(SUPPLIED MATERIAL)
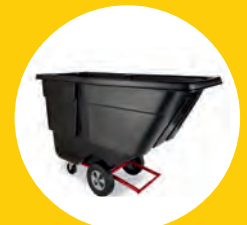
ROTOMOLDED TILT TRUCK FG131400BLA
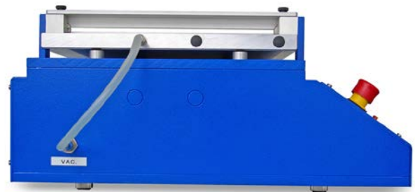
Fig. Mod. 510 Basic-V

testing equipment for quality management
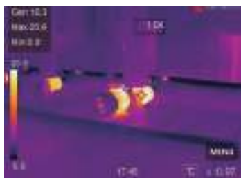
Check Machine Temperature
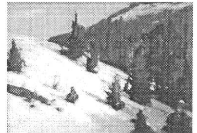
"Sunny Slope in the High Country" 9 x 12 Oil on Linen

"The light changes so quickly," he says of the desert light. "From 8 to 11 in the morning there is a completely different light."
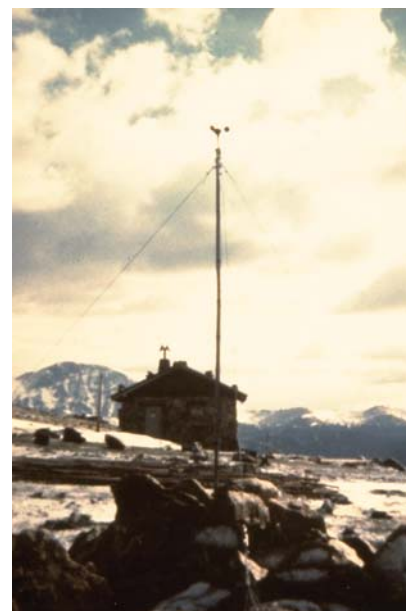
Some sites were dangerous to service due to severe wind.
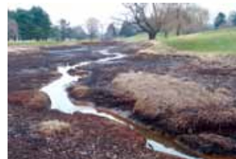
Before: Water drained, it is obvious this pond could use some help.

Before, during and after photos show transformation of this water body from an almost marsh-like state to a nice, clear pond. By the way, since dredge spoils cannot be shipped off-site they were taken to no-mow areas, and were also used to create new visual features (mounds) on others parts of the course.
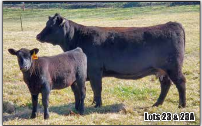
Lots 23 & 23A

• Pathfinder Cow due to calve to Deer Valley Growth Fund, Reg. 18827828, on 9/26/2021. Sells with 23A at side.
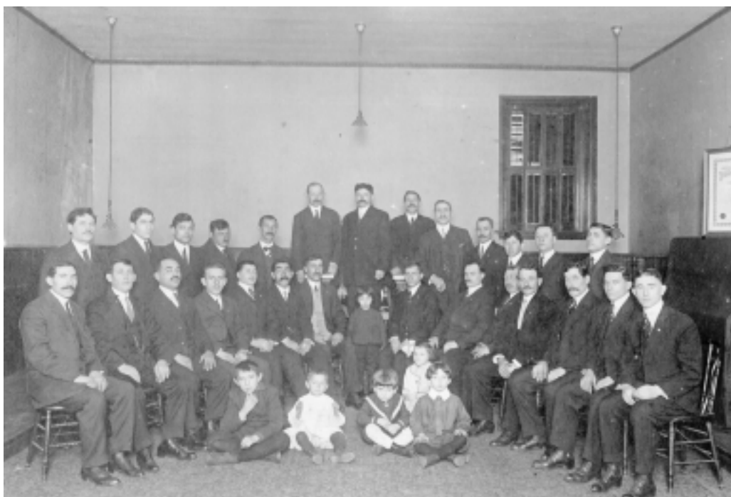
Workmans's Circle, Branch #69, 1914.
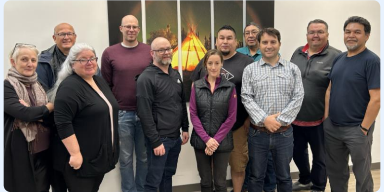
The Technical Table is comprised of representatives from the Cree Nations of Chisasibi, Wemindji, and Mistissini, as well as Hydro-Québec.

The Ayimihituunaanuwich joint process established the creation of the Main Table and the Technical Table. The Main Table is a forum for cooperation and oversight of the Joint Process and a possible collaboration agreement. The Technical Table is supervising the environmental study program to evaluate the potential environmental, social and cultural impacts of the potential upgrades.
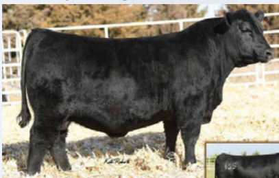
Mohnen Lieutenant Son of Mohnen General 548
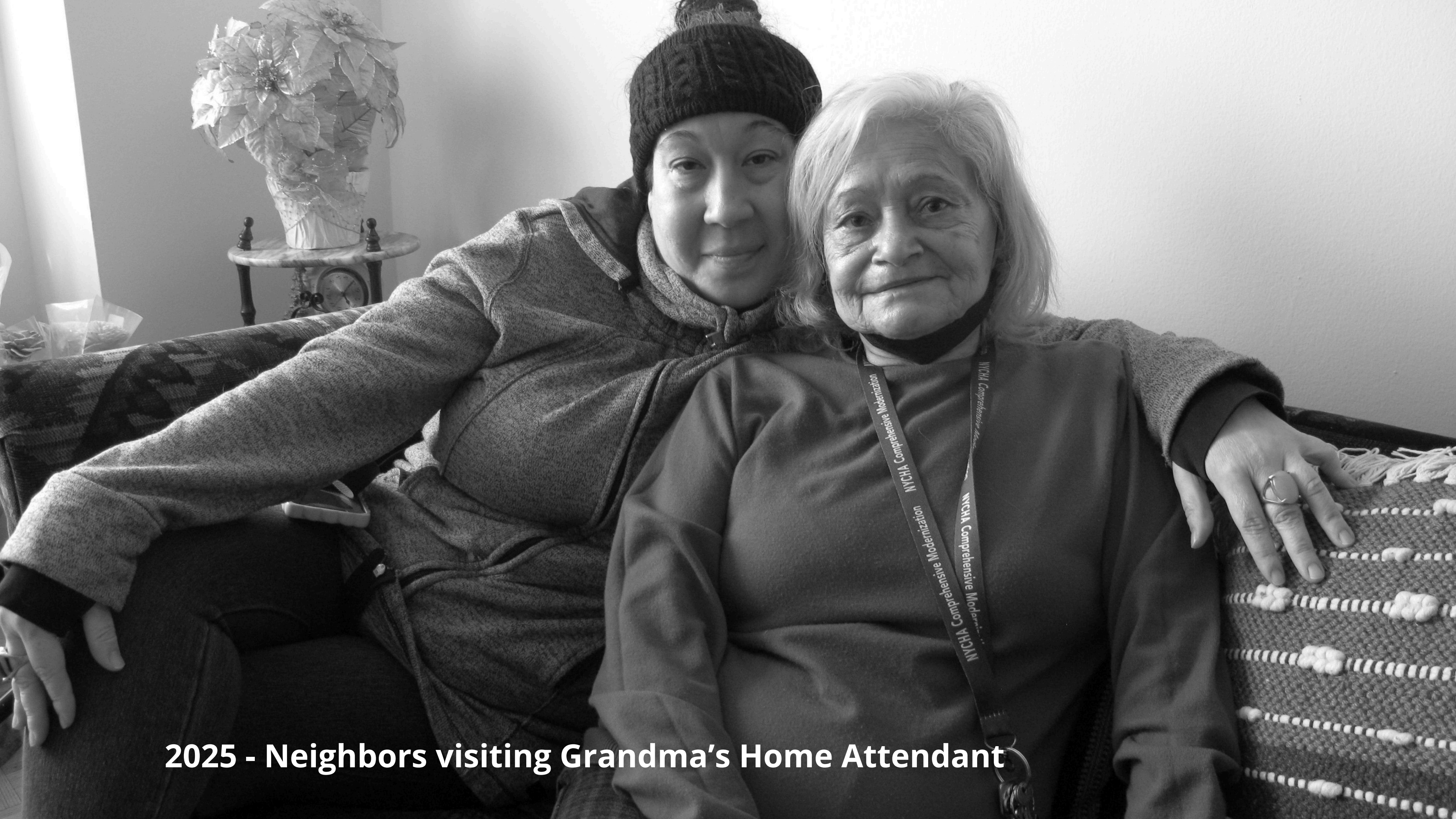
2025 - Neighbors visiting Grandma's Home Attendant
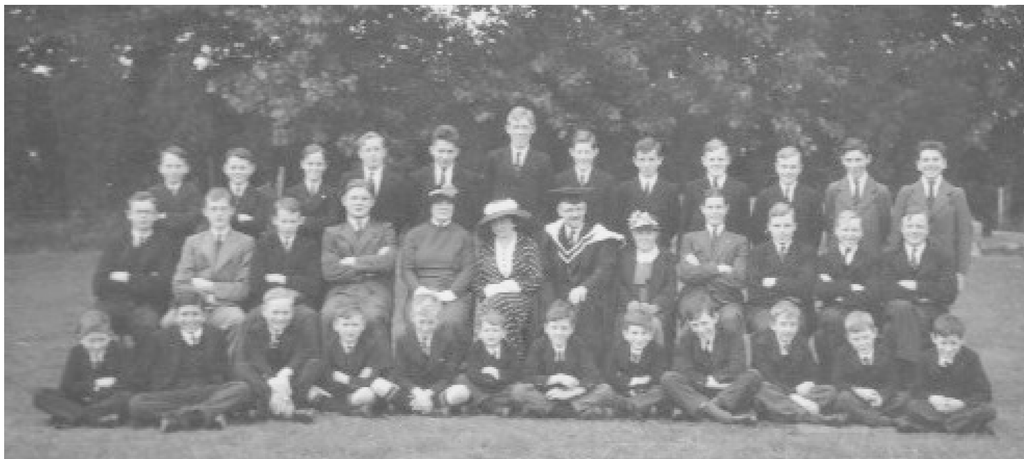
Any ideas when this group photo was taken? We believe it may be late 1930s or early 1940s.
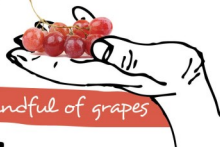
handful of grapes
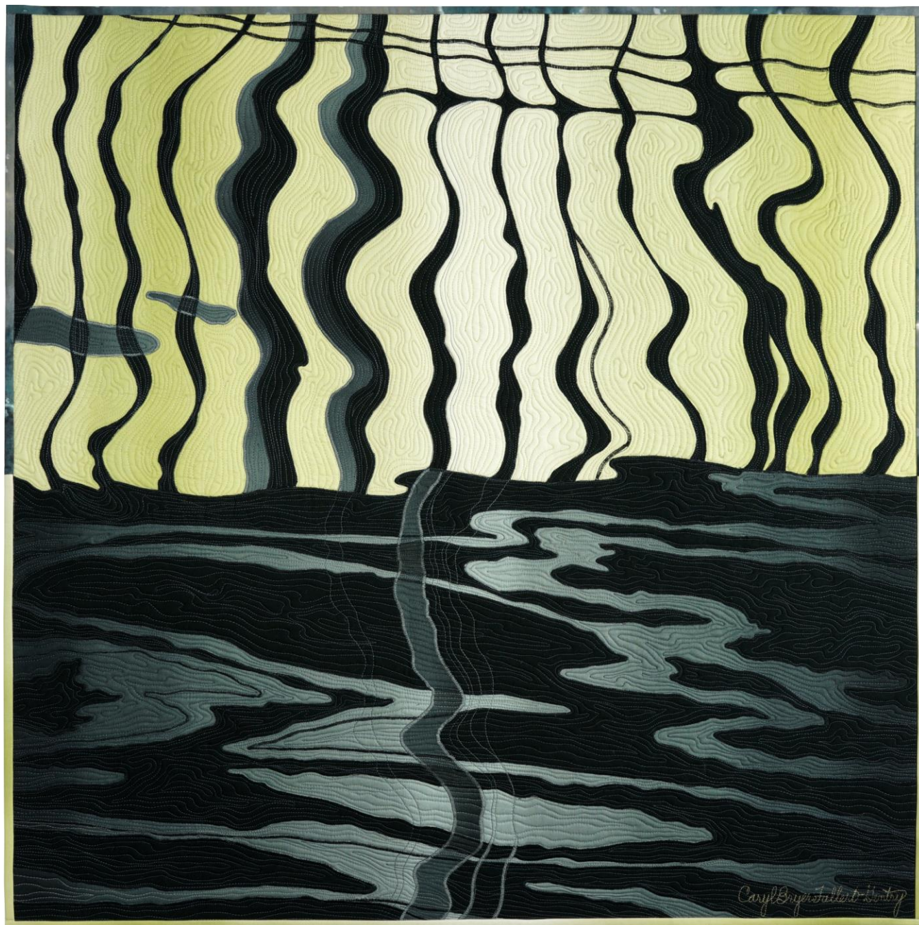
Reflections of Cowichan #1 • 30" x 30" • Copyright © 2015 Caryl Bryer Fallert-Gentry • Bryerpatch Studio • www.bryerpatch.com

Bryerpatch Studio • 10 Baycliff Pl. • Port Townsend, WA 98368 • caryl@bryerpatch.com • www.bryerpatch.com
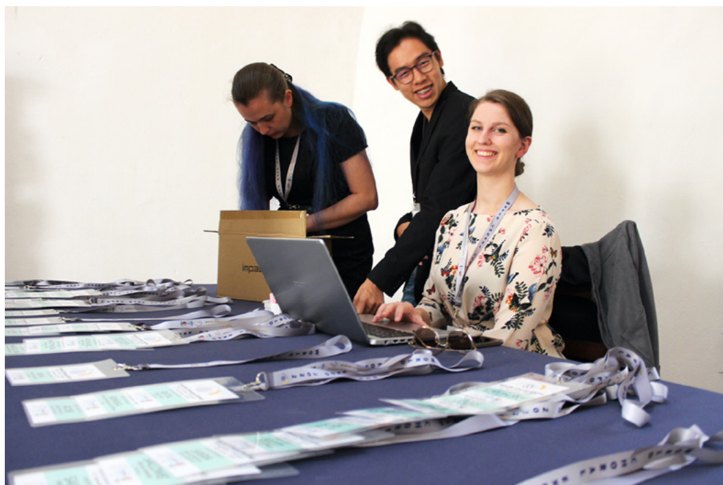
YOUNG 2022 - World Choral EXPO, Oeiras, Portugal

With the great success of the YOUNG program in the frame of the World Choral EXPO 2022, we are happy to announce the call for the second YOUNG program! Are you aged between 18 to 35? Do you want to be a part of the organizing team of the World Symposium on Choral Music 2023? IFCM and the Choral Culture Association, Istanbul, Türkiye, are launching a call for young international cultural managers to be a part of their team and expand his or her experience and field of competence while working closely with the organizing team of WSCM 2023.
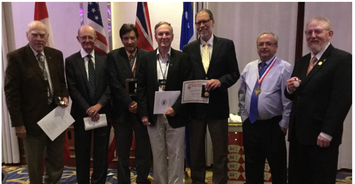
NSSC award winners at BNAPEX 2018 L to R:
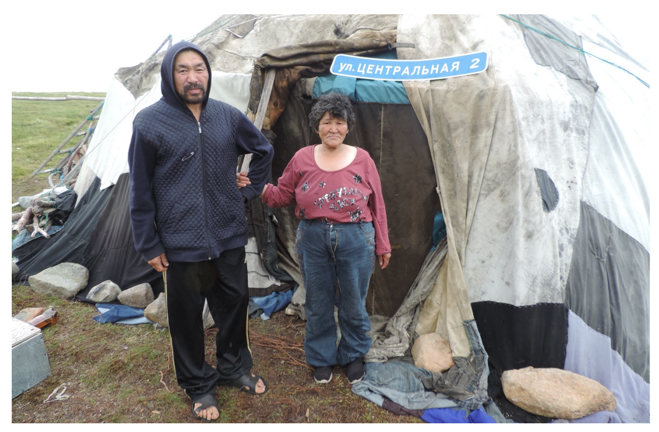
Figure 3. An interviewed hunter and his wife outside their summer yaranga near Kanchalan, Chukotka
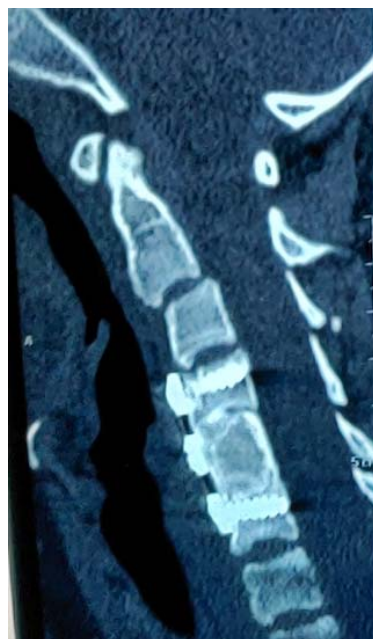
Figure 4. Sagittal computed tomography scan at 12 months postsurgery depicting solid anterior fusion.

A 40-year-old woman presented with neck pain and imbalance during walking for 3 weeks. Neurologically she had no loss of motor power but did have hyperreflexia and spasticity in all 4 limbs. Radiological investigations revealed destruction of C3 and C4 with cord compression (Figure 6A–6D). The patient was started on antitubercular chemotherapy and underwent surgical decompression and stabilization by anterior approach. Anterior column reconstruction was done by iliac crest autograft (Figure 6E). The patient remained neurologically intact at final follow-up and demonstrated solid bony fusion (Figure 6F).
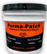
50 LB FINE MIX PAIL PP-50-FP
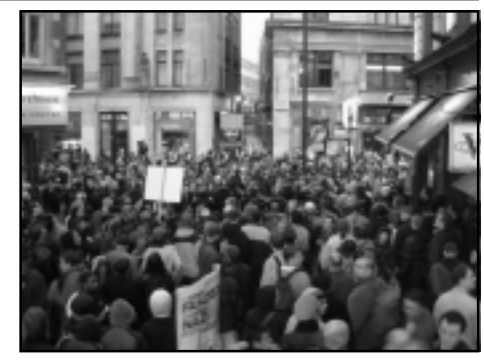
Mayday in Mayfair

Meanwhile, the Trotskyists of the SWP, through their front organisation Globalise Resistance (surely that's Demobilise Resistance?) had entered into an alliance with trade union bureaucrats and Stalinists for yet another boring demonstration marching from A to B. The most recent Maydays, for all their faults, were an attempt to get away from
(End SUPPLIED MATERIAL)
WHAT YOU WILL DO: Transcribe only this stretch of the data: the line with "NSSC award winners", the line with "Figure 4. Sagittal", and every line in between. Leave out the pictures.

ANSWER TO THE PROBLEM:
NSSC award winners at BNAPEX 2018 L to R:
Figure 3. An interviewed hunter and his wife outside their summer yaranga near Kanchalan, Chukotka
Figure 4. Sagittal computed tomography scan at 12 months postsurgery depicting solid anterior fusion.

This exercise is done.